AIOps Now: Scaling Kubernetes With AI and Machine Learning

Using AI and digital twins, optimize Kubernetes apps and address SRE challenges with continuous learning for improved outcomes.

If you are a site reliability engineer (SRE) for a large Kubernetes-powered application, optimizing resources and performance is a daunting job. Some spikes, like a busy shopping day, are things you can broadly schedule, but, if done right, would require painstakingly understanding the behavior of hundreds of microservices and their interdependence that has to be re-evaluated with each new release — not a very scalable approach, let alone the monotony and resulting stress to the SRE. Moreover, there will always be unexpected peaks to respond to. Continually keeping tabs on performance and putting the optimal amount of resources in the right place is essentially impossible.

The way this is being solved now is through gross overprovisioning, or a combination of guesswork and endless alerts — requiring support teams to review and intervene. It’s simply not sustainable or practical, and certainly not scalable. But it’s just the kind of problem that machine learning and AI thrives on. We have spent the last decade dealing with such problems, and the arrival of the latest generation of AI tools such as generative AI has opened the possibility of applying machine learning to the real problems of the SRE to realize the promise of AIOps.

Turning Up the Compute Knob…to Be Safe

No matter how great your observability dashboard, the amount of data and the need for agility is just too much. You have to provision adequate resources to achieve the desired response times and error rates. It is not unusual for people in this role to peg compute utilization at 30 percent “to be safe” and be prepared to monitor hundreds of microservices to ensure the desired service-level agreement (SLA) is achieved. The end result is costly — not just from compute resources, but also DevOps resources dedicated to maintaining the SLA.

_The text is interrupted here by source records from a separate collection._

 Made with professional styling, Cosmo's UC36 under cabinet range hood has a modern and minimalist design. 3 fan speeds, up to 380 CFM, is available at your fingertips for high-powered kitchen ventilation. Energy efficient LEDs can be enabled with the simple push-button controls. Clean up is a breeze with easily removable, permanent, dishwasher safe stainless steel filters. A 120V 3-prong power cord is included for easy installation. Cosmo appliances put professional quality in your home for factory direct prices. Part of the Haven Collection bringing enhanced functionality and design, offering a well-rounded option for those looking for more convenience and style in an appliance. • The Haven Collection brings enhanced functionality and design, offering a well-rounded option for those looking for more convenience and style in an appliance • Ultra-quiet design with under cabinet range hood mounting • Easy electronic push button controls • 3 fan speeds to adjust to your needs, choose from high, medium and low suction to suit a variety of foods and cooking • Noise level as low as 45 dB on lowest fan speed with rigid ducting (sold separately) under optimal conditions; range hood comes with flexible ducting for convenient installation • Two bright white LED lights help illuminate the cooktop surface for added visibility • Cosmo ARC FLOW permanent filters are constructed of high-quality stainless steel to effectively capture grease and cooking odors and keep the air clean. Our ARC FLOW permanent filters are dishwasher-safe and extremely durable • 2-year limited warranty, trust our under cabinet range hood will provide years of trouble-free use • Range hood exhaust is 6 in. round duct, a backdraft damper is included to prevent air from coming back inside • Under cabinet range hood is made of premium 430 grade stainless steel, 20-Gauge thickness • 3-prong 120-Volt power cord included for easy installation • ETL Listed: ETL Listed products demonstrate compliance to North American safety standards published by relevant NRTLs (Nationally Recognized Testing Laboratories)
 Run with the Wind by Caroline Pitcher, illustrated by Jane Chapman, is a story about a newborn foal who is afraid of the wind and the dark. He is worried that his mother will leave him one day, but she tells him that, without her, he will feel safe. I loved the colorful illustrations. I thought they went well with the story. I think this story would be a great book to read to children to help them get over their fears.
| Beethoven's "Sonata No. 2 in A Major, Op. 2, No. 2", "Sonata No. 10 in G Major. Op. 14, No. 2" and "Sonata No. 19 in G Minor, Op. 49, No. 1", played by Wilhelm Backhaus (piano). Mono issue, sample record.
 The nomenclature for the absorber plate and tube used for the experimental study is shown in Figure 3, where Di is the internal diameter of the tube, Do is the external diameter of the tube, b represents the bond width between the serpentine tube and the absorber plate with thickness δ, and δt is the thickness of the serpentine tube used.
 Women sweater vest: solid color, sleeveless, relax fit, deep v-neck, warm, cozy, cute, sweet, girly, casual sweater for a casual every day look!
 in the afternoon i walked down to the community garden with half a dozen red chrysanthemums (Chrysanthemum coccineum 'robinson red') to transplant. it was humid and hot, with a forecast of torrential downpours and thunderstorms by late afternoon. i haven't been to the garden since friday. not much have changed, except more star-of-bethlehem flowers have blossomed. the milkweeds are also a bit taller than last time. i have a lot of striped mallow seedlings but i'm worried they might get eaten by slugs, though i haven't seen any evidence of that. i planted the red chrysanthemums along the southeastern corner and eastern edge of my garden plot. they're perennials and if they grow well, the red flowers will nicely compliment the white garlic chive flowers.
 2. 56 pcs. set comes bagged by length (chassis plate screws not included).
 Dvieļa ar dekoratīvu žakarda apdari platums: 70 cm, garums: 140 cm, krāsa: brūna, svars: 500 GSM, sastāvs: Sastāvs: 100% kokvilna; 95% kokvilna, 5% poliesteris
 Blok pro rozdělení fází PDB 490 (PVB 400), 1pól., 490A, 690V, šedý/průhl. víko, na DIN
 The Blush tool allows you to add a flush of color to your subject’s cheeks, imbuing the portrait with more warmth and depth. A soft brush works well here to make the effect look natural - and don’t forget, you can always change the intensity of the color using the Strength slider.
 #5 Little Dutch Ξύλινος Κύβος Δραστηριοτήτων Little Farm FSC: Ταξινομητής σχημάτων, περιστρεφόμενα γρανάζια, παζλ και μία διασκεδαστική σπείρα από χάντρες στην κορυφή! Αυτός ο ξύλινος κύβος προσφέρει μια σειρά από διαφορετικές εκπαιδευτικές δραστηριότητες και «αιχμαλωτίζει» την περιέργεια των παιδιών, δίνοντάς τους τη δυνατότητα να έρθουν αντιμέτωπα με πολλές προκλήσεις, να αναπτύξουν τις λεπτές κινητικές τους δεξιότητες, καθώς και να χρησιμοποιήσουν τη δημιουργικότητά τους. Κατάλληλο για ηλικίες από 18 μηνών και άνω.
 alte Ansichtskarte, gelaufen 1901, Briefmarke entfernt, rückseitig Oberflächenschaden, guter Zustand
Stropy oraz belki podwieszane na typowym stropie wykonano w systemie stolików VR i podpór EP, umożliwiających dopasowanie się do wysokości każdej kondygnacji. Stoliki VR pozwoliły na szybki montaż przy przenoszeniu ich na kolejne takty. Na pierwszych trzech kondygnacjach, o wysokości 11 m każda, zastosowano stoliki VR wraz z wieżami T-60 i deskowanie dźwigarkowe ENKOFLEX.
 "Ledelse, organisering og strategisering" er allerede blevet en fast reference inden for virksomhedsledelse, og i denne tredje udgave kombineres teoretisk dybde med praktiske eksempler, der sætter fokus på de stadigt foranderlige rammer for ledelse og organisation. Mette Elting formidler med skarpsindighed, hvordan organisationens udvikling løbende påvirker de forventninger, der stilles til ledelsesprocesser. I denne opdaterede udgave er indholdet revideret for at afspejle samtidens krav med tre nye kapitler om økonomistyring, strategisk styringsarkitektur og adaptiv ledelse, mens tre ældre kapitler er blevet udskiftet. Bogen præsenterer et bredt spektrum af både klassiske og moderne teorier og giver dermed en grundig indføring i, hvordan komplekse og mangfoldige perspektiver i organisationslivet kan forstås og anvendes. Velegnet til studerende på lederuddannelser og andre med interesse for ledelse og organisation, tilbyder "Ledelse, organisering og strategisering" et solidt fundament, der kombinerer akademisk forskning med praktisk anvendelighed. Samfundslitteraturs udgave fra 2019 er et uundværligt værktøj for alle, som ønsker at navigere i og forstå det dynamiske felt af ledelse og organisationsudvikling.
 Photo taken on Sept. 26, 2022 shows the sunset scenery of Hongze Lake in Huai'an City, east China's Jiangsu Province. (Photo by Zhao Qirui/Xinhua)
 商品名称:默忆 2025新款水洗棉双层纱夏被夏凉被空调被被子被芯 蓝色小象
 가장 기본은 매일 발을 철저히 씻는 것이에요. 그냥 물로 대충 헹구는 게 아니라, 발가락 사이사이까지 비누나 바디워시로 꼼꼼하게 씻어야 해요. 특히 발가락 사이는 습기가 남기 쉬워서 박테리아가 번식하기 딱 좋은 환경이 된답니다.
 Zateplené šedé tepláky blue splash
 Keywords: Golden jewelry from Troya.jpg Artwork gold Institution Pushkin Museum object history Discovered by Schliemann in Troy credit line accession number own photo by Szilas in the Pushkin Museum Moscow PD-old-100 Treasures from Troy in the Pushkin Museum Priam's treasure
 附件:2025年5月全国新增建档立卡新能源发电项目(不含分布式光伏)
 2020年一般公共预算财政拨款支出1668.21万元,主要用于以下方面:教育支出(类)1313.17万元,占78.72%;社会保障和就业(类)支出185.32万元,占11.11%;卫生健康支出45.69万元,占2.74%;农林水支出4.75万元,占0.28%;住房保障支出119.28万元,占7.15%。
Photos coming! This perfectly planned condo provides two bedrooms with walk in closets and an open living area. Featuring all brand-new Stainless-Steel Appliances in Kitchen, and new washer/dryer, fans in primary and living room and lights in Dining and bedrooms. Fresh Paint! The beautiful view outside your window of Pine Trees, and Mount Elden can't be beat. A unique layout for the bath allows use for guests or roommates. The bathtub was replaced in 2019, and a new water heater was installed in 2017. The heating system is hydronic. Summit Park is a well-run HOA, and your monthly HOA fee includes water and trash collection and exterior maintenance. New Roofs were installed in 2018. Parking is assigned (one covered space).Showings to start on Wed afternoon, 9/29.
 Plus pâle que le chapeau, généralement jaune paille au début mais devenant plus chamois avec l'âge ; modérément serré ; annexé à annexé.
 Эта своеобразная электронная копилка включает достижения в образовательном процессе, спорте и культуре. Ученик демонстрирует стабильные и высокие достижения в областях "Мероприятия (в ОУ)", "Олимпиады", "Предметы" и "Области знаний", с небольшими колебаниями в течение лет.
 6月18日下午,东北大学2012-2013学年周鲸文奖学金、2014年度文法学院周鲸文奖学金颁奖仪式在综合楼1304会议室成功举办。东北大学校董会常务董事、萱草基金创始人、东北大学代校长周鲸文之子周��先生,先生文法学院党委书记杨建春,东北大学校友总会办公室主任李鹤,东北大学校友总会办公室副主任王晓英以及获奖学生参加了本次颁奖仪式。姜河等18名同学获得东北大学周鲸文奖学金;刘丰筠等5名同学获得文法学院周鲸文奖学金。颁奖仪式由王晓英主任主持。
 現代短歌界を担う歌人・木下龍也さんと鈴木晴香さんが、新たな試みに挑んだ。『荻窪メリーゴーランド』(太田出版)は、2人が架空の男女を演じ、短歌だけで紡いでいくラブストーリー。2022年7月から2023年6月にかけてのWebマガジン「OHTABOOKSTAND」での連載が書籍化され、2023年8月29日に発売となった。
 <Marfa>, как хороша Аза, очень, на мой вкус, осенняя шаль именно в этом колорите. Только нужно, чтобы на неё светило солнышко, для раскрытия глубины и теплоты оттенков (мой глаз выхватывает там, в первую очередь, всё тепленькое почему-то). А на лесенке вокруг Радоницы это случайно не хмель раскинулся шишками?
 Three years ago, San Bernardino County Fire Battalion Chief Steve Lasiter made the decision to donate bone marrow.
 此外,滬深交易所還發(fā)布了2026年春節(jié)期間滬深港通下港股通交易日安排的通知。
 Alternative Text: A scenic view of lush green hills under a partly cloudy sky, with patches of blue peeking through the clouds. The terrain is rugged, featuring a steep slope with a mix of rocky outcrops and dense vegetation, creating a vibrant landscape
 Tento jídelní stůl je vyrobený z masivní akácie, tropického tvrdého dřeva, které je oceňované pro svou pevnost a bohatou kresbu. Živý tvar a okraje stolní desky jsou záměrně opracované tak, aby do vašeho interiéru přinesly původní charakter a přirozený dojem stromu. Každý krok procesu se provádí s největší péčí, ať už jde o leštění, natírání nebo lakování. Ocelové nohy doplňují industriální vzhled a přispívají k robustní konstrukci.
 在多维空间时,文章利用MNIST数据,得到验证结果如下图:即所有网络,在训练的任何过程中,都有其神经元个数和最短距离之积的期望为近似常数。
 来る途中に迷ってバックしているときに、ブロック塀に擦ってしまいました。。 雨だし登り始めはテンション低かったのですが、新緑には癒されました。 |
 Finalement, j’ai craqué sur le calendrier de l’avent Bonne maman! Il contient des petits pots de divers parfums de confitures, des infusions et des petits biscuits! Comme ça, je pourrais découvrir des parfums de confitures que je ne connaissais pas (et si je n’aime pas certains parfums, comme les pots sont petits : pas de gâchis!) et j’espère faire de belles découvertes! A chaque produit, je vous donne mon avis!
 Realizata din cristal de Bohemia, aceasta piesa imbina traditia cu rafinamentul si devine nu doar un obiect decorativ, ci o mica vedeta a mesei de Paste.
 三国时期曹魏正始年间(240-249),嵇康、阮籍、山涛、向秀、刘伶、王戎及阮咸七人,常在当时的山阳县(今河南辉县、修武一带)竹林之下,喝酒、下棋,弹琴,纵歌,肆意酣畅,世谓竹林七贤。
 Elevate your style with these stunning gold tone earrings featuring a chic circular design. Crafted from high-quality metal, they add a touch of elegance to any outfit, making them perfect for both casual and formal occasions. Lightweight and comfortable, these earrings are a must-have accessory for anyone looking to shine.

It seems that, for all it has brought us, Kubernetes has gone beyond the comprehension of those charged with operating it. Horizontal pod autoscaling (HPA) and reactive scaling solutions still leave the SREs guessing at what level to set the CPU utilization threshold that would work for various traffic loads and service graph dependencies. Traffic does not have a linear relationship to microservice loading and thus to performance, and that is not the only reason to change the states of the application deployment. SREs are also monitoring issues like temperature, faults, and latency.

For a typical Kubernetes application, there are on average several hundreds of microservices. Furthermore, each microservice is dependent on other microservices in a web of interconnected relationships with other microservices. It is not easy for a person to view and understand it all and then make detailed changes and do this repeatedly for every release of each microservice every week. SREs figuratively “turn up the compute knob” and hope that it improves whatever has dropped below the service-level objective (SLO). But, the reality is that it is useless to increase resources at a microservice which is dependent on another microservice, which is actually the bottleneck.

An Ideal Use Case for AI

In 2024, when someone says AI, the next thought is almost inevitably ChatGPT. ChatGPT is generative AI that selects the best next word. While the architecture required for a strong AIOps platform is very different from ChatGPT (more on that later), the goal is similar — choose the best next state for the application.

The intricately interconnected ecosystems of modern microservice applications are too big and complex for the SRE team to comprehend in detail and make those decisions. Most efforts to autoscale these applications fail to take into account the nuanced requirements and performance needs of individual services. I’ve been hearing about this problem continuously for over 20 years (starting with the L5 network load balancer we invented at Arrowpoint Communications).

The Digital Twin Goes Through the Paces

Training data is the fuel for AI. To teach an application to operate a mission critical Kubernetes instance, we need to develop good information about how the performance can be optimized. Digital twins have been used for decades in multiple fields including manufacturing and racing to help people recreate a digital equivalent of the real subject to study its behavior. In our case, we use performance metrics to build a digital twin of each microservice.

In reinforcement learning (RL), digital twins are used to create a simulation environment to generate an observation space in which a model can be trained to discover and learn the best paths (also known as "trajectories") to guide the system to states that have the desired target properties in terms of cost, performance, etc. In our case, we use proximal policy optimization (PPO) as the RL training algorithm. Our approach is service-graph aware to take into account the dependencies of microservices that impact scaling. Ultimately, we will have a model-free network that is continually learning based on operational experience.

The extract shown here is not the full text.